Müde und erneut sprach-verwirrt fallen wir in unsere zwei Betten im Vier-Mann-Zimmer.
Tag 5 - 19.03.2015
Ein Tag mit viel Zeit.
Wir frühstücken sehr ausgiebig und gehen mit leichtem Gepäck zurück zum Kloster um noch etwas einzukaufen. Vor allem Postkarten. Ahhhh, und jetzt sofort ganz schnell eine Toilette!
Vom Refugi Son Amer aus geht es noch ein mal kurz bergauf auf einen Pass und dann stetig abwärts.
An der ehemaligen Mineralwasserabfüllanlage Binifaldo überlegen wir, ob wir den Puig Tomir erklimmen wollen. Da das Wetter gut ausschaut versuchen wir es.
Schon nach wenigen Kehren sagt S., dass er heute keinen Bock mehr auf viele Höhenmeter hat. Nachvollziehbar eigentlich.

Er sucht sich ein nettes Plätzchen in der Böschung, wo ich auch meinen großen Rucksack ablade. Erneuter Einsatz für den Turnbeutel!
Ich folge erneut sehr genau der Beschreibung in der Karte, wobei ich bald merke, dass man hier hervorragend den Steinmännchen und Markierungen trauen kann. Während des Aufstiegs ist es etwas dunstig, ich genieße aber dennoch die Aussicht. Kurz vor dem Gipfelplateu erreicht mich jedoch wieder das mallorquinische Gipfel-Pech: Ich stehe schon wieder in den Wolken. Zugegebenermaßen etwas lustlos stapfe ich nach "ganz oben", lasse mich von einer Böe fast umlegen und schliddere beschwingten Turnschuhs nach unten.

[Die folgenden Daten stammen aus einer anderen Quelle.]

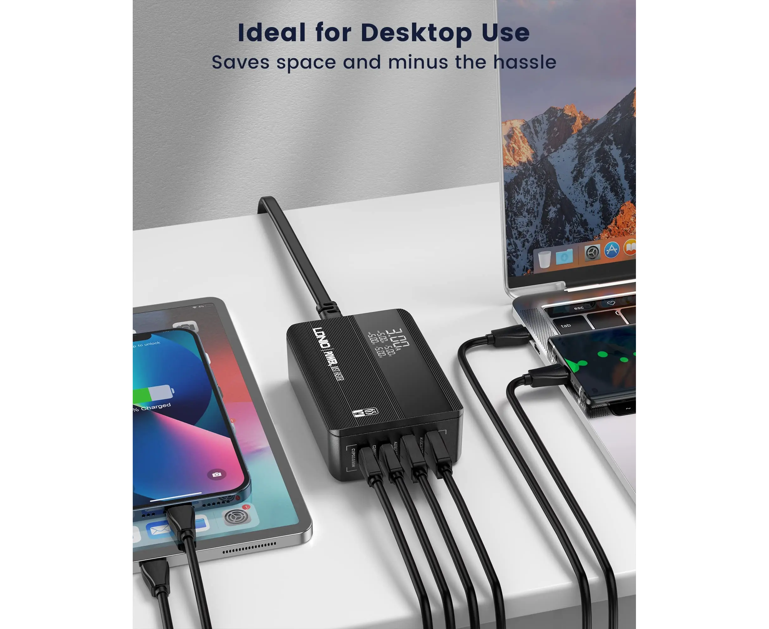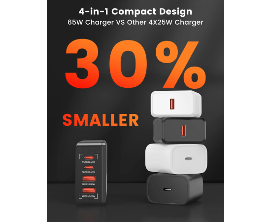 Универсальное зарядное устройство LDNIO A4808Q 65W 2*USB-C 2*USB Чёрный Компактный и портативный настольный блок мощностью зарядки в 65W встроенными протоколами быстрой зарядки делает настольный блок зарядки LDNIO незаменимым в повседневной жизни для зарядки повседневных гаджетов и аксессуаров. USB-C1):5V-3A,9V-3A,12V-3A ,15V-3A,20V-3.25A [65W MAX] (USB-C2): 5V-3A,9V-2.22A,12V-1.67A [20W MAX] (USB-A1):5V-3A,9V-3A,12V-2.5A [30W MAX] (USB-A1):5V-3A,9V-3A,12V-2.5A [30W MAX]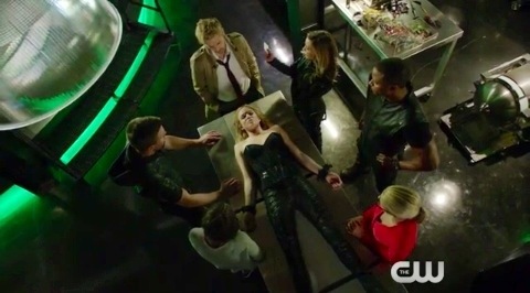 British Invasion. John gets a welcome to Arrow HQ where the Team and Quentin are waiting to help Sara. John sets up his little operation, but needs two people to go into the spirit world with him to help recover Sara’s soul from whatever holds it. So Ollie and Laurel get to go on that trip with John, and it turns out the spirit world looks a bit like Nanda Parbat. They find Sara in a Lazarus Pit and pull her out while Constantine fights a spirit League assassin (really, Ollie or Laurel can’t do that? Leave Constantine to that?). Well, the trio recovers Sara’s soul, and it seems she’s okay so far.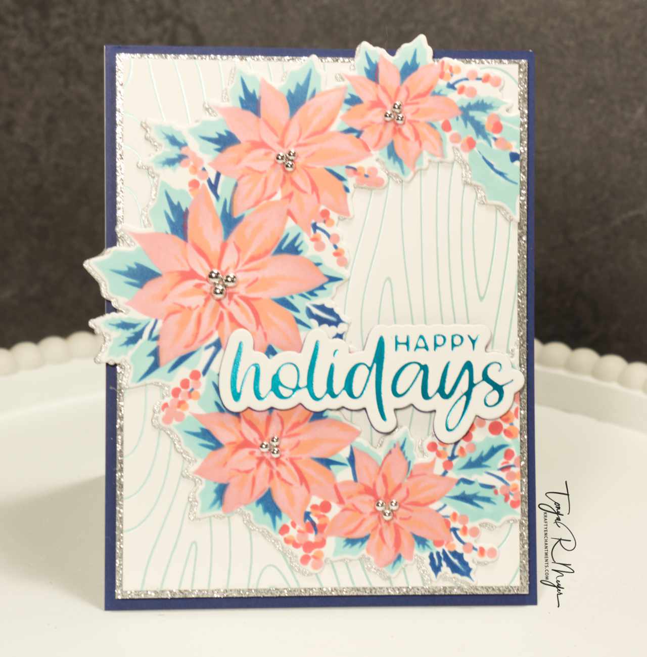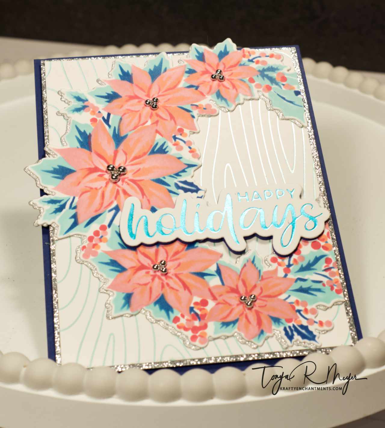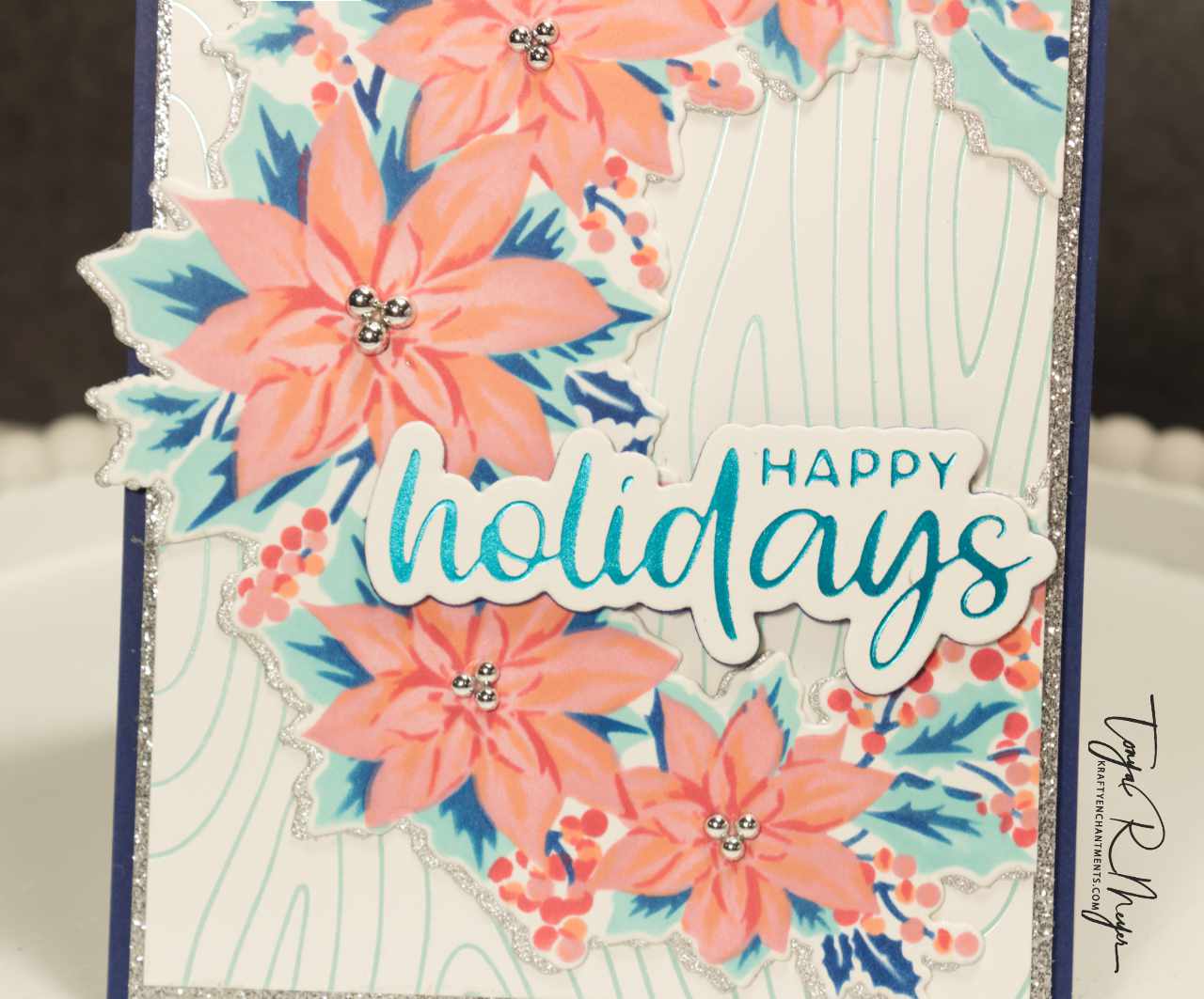 This card features the Poinsettia Wreath Layering stencils. This is a 5 layer stencil and I chose to ink it up with some brightly colored inks from Simon Says Stamp’s Pawsitively Saturated Inks in Blush, Guava and Watermelon paired with Cadette, Royal and Surf inks to create a brightly colored poinsettia wreath. I used the coordinating die to cut out the wreath and also a shadow layer from some silver glitter cardstock.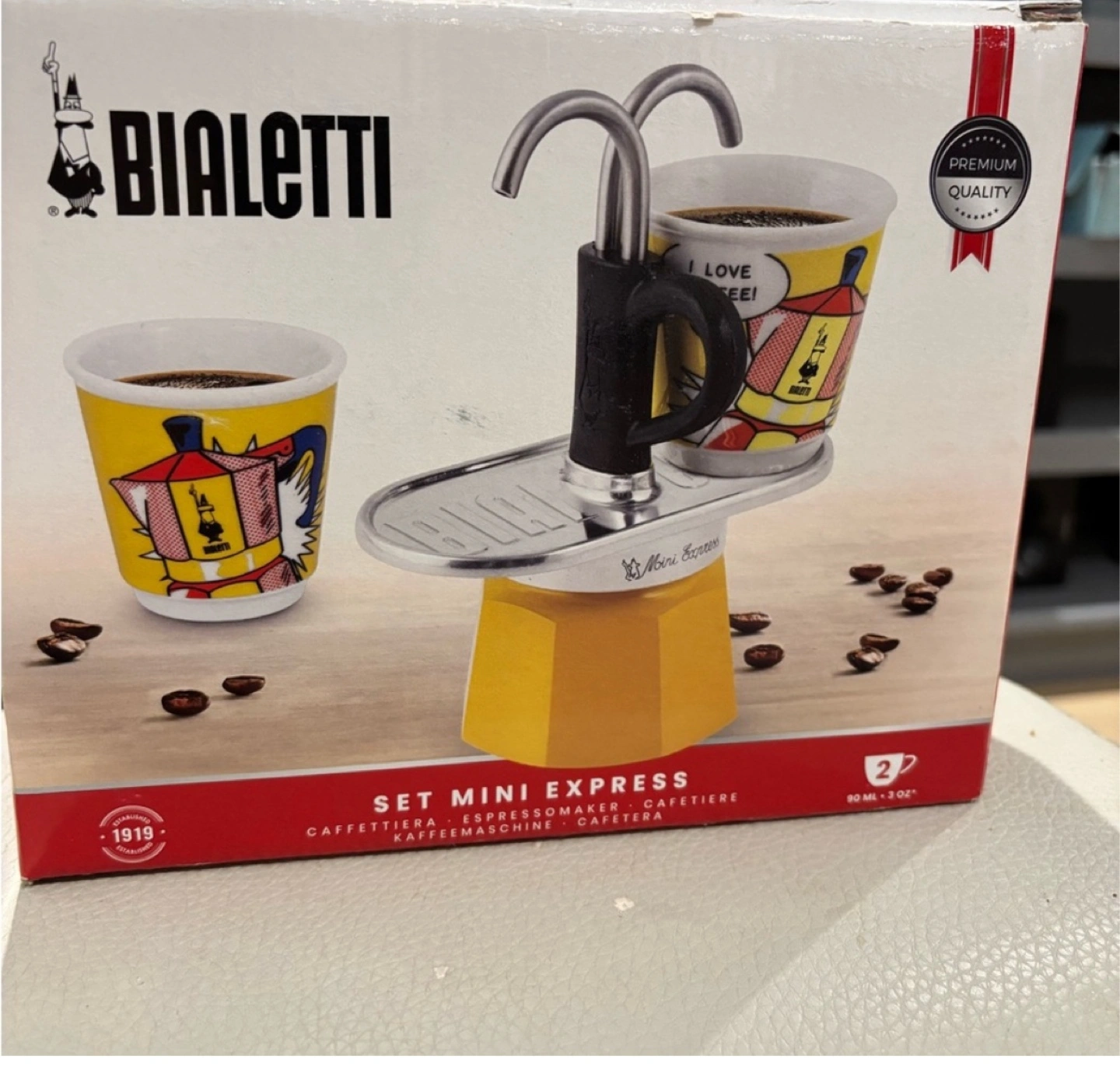 Bialetti / Enjoy a perfect espresso with the Bialetti Mini Express Coffee Maker Set! This stylish black and yellow design is ideal for coffee enthusiasts. Includes two cups and the espresso maker. The box is included and it's in excellent condition!

Die gesicherten Stellen hier sind deutlich harmloser als die ungesicherten, die wir am Massanella passierten, allerdings war recht viel los, sodass ich ziemlich auf das runter prasselnde Gestein meiner Mitmenschen, die sich zum Großteil noch weniger elegant als ich durch den Schotter bewegten, achten muss.

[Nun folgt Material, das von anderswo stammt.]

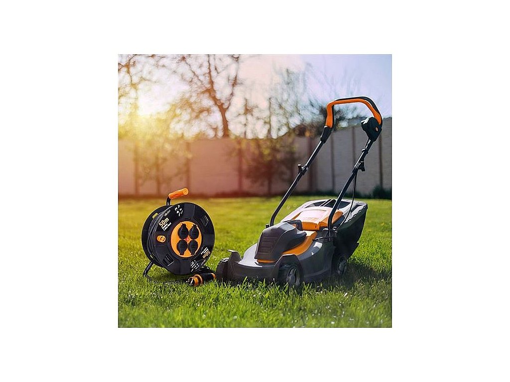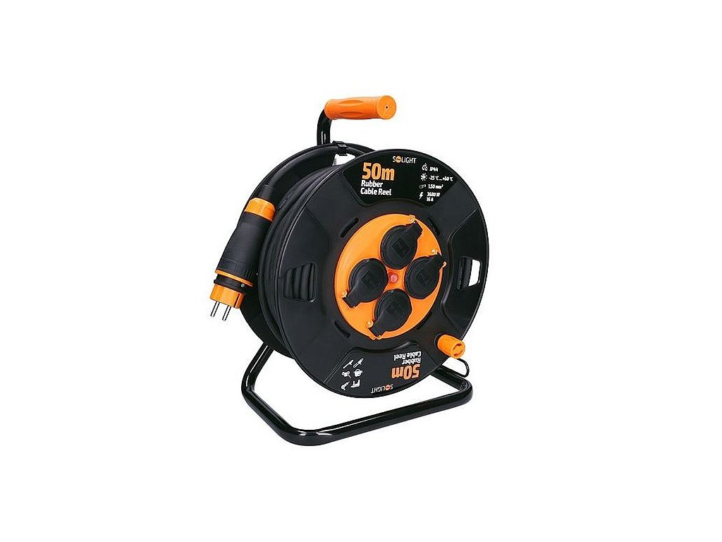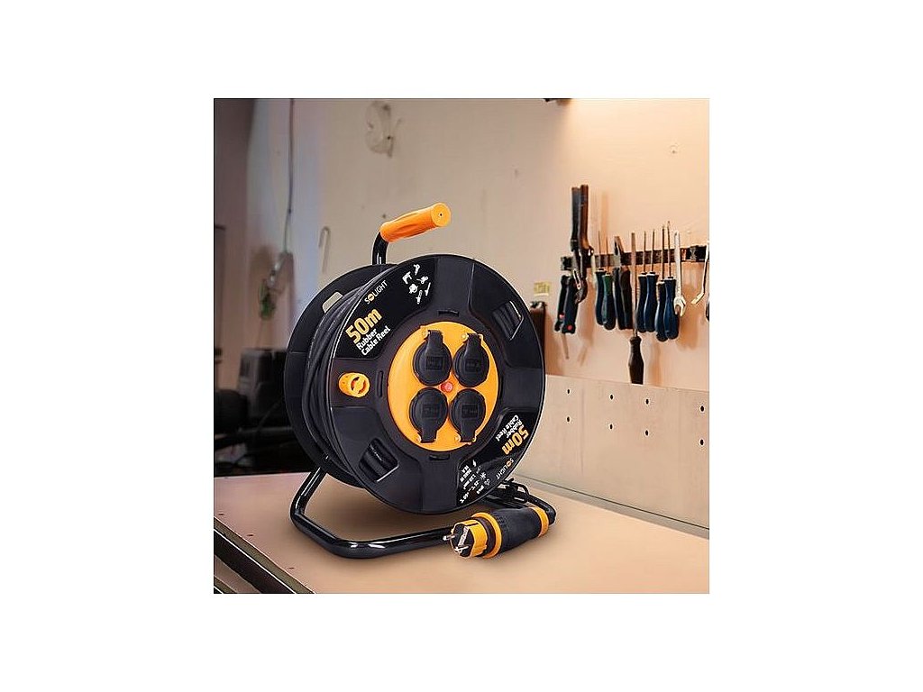 Prodlužovací kabel na navíjecím bubnu s délkou 50 metrů a čtyřmi zásuvkami je ideální pro použití venku, na stavbách nebo v dílnách.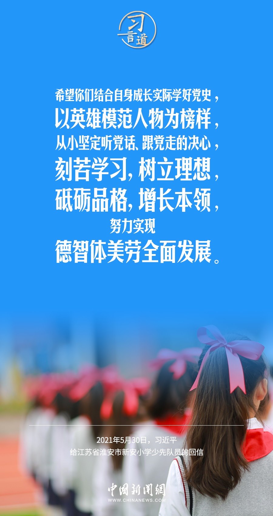 “六一”國際兒童節(jié)到了。習近平總書記高度重視少年兒童的健康成長,多次寄語少年兒童,希望他們有夢想、愛學習,成為對祖國建設有用的人才。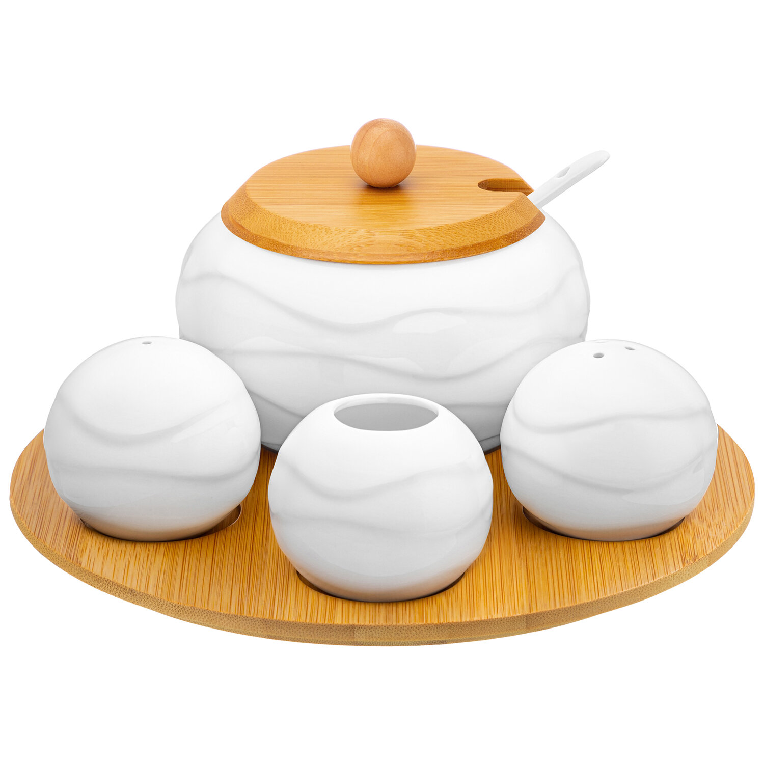 Купить Набор - Сахарница 310 мл Elan Gallery Айсберг волны с ложкой + вазочка под зубочистки + перечница + солонка на дер. подставке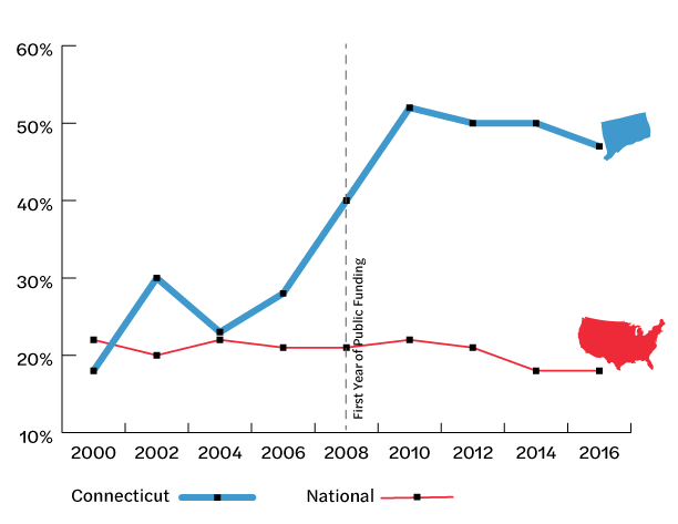 Beginnend mit der ersten Durchführung des Bürgerwahlprogramms unternahm Connecticut große Schritte in Richtung einer repräsentativeren und reflektierenderen Demokratie.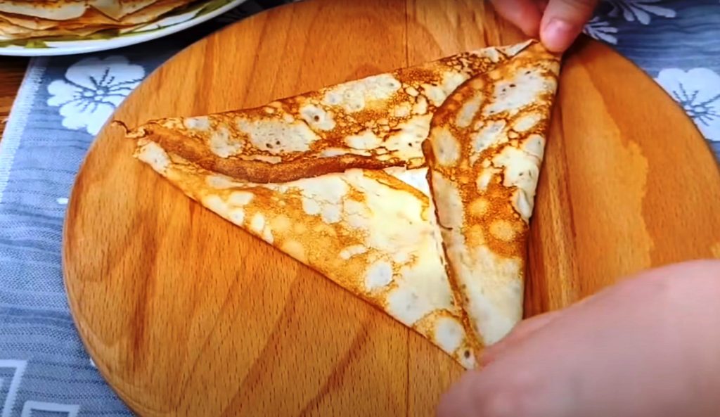 - Într-un bol, punem brânza de vaci, adăugăm smântână și cele 3 linguri de zahăr. Amestecăm ingredientele și le punem în centrul fiecărei clătite. Împăturim umplutura într-un triunghi și repetăm aceleași acțiuni cu restul clătitelor.

Nach diesem kurzen Abstecher traben wir gemütlich weiter zur Font de Muntanya, in deren Umfeld sich reichlich Zeltplätze finden lassen.
Wir kochen selbstgedörrtes Chili con Carne am gemauerten Tisch. Ich merke an dieser Stelle schon, dass sich ein größeres Sturmtief in meinem Gemüt ankündigt, doch S. gibt sein Bestes, mich darüber hinweg zu trösten.

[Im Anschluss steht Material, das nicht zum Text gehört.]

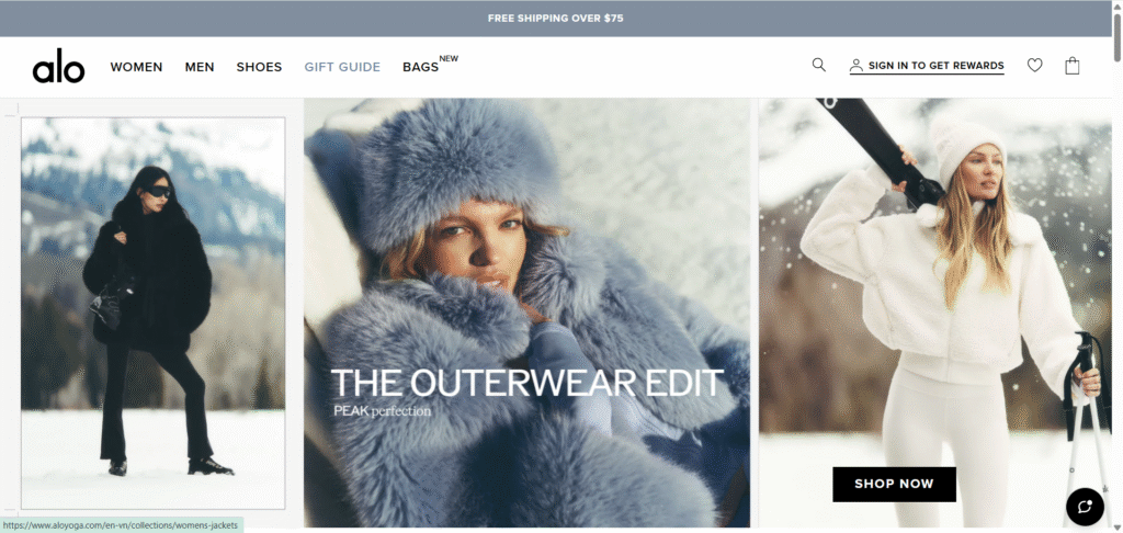Alo Yoga sells more than just yoga wear; they sell a complete wellness lifestyle. Their brand story is one of luxury, mindfulness, and studio-to-street fashion, which is perfectly reflected in their site’s sophisticated and editorial-style design.

Nach einem äußerst wärmenden Chil bauen wir uns Haus etwas unterhalb der Quelle auf und schlüpfen bald (ohne Fleece, ohne Daunenjacke!) in die Penntüten.
Ich bastel noch eine kleine Wäscheleine in den Zeltgiebel, auf welcher wir fortan zur Verbesserung des Raumklimas unsere Stinksocken lagern.